#### Exercise aim
Look for the line that has "Tweed Marble conçue" in the material below; please repeat it and every line after it, exactly, up to and including the line that has "Ciudad Juárez, Chihuahua", and nothing else.

[Opening Exercise materials section]

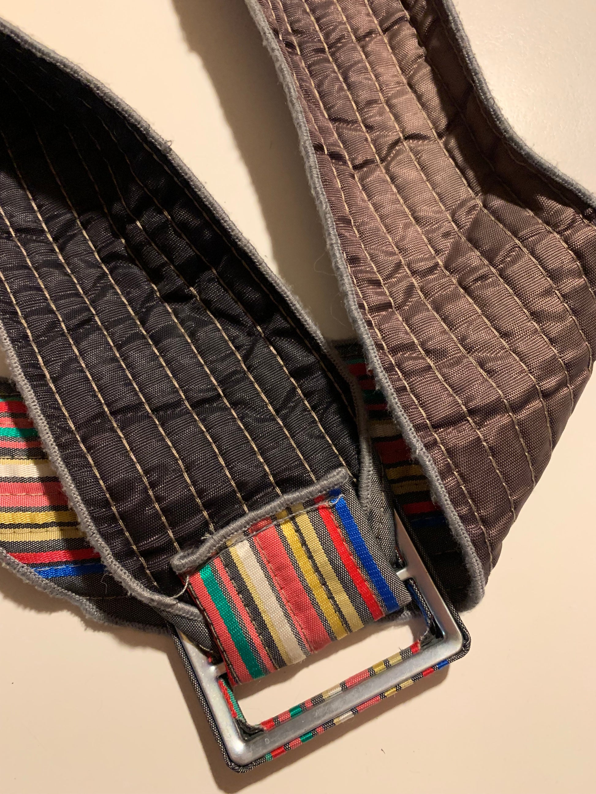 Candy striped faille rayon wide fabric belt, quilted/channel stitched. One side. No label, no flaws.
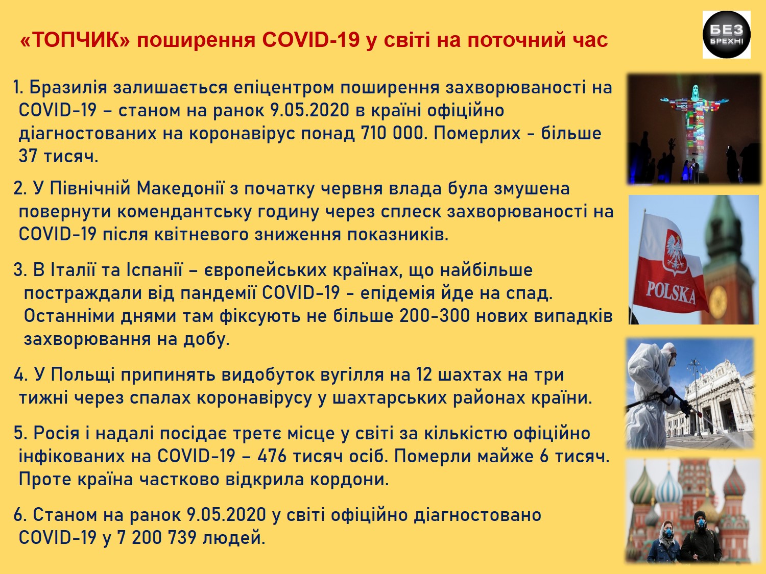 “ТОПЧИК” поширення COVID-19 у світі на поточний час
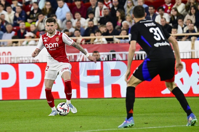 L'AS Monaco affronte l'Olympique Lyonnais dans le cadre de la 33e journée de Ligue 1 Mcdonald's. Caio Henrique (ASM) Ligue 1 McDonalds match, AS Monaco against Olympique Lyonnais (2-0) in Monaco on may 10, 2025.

[Closing Exercise materials section]
[Opening Exercise materials section]

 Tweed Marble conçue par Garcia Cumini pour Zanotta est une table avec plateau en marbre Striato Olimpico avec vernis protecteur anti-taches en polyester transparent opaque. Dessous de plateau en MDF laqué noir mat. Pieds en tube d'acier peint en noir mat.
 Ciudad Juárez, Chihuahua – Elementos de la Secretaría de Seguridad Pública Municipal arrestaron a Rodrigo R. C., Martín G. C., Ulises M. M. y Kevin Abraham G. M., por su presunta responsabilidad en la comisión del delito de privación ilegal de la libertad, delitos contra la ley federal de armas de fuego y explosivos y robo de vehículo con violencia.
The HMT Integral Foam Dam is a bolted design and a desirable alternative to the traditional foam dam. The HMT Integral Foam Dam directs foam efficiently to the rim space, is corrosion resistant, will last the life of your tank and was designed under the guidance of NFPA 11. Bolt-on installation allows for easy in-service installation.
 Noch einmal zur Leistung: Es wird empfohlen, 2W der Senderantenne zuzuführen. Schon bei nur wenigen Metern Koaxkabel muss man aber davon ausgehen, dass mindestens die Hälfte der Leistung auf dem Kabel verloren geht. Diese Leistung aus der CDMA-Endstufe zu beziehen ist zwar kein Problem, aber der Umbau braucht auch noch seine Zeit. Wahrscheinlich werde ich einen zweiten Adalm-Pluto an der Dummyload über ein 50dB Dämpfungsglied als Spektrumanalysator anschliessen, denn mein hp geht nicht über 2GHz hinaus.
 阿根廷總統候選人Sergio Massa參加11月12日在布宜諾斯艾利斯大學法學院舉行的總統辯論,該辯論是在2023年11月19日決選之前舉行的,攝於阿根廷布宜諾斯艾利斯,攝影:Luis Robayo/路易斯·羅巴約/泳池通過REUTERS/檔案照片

[Closing Exercise materials section]

#### Exercise response
 Tweed Marble conçue par Garcia Cumini pour Zanotta est une table avec plateau en marbre Striato Olimpico avec vernis protecteur anti-taches en polyester transparent opaque. Dessous de plateau en MDF laqué noir mat. Pieds en tube d'acier peint en noir mat.
 Ciudad Juárez, Chihuahua – Elementos de la Secretaría de Seguridad Pública Municipal arrestaron a Rodrigo R. C., Martín G. C., Ulises M. M. y Kevin Abraham G. M., por su presunta responsabilidad en la comisión del delito de privación ilegal de la libertad, delitos contra la ley federal de armas de fuego y explosivos y robo de vehículo con violencia.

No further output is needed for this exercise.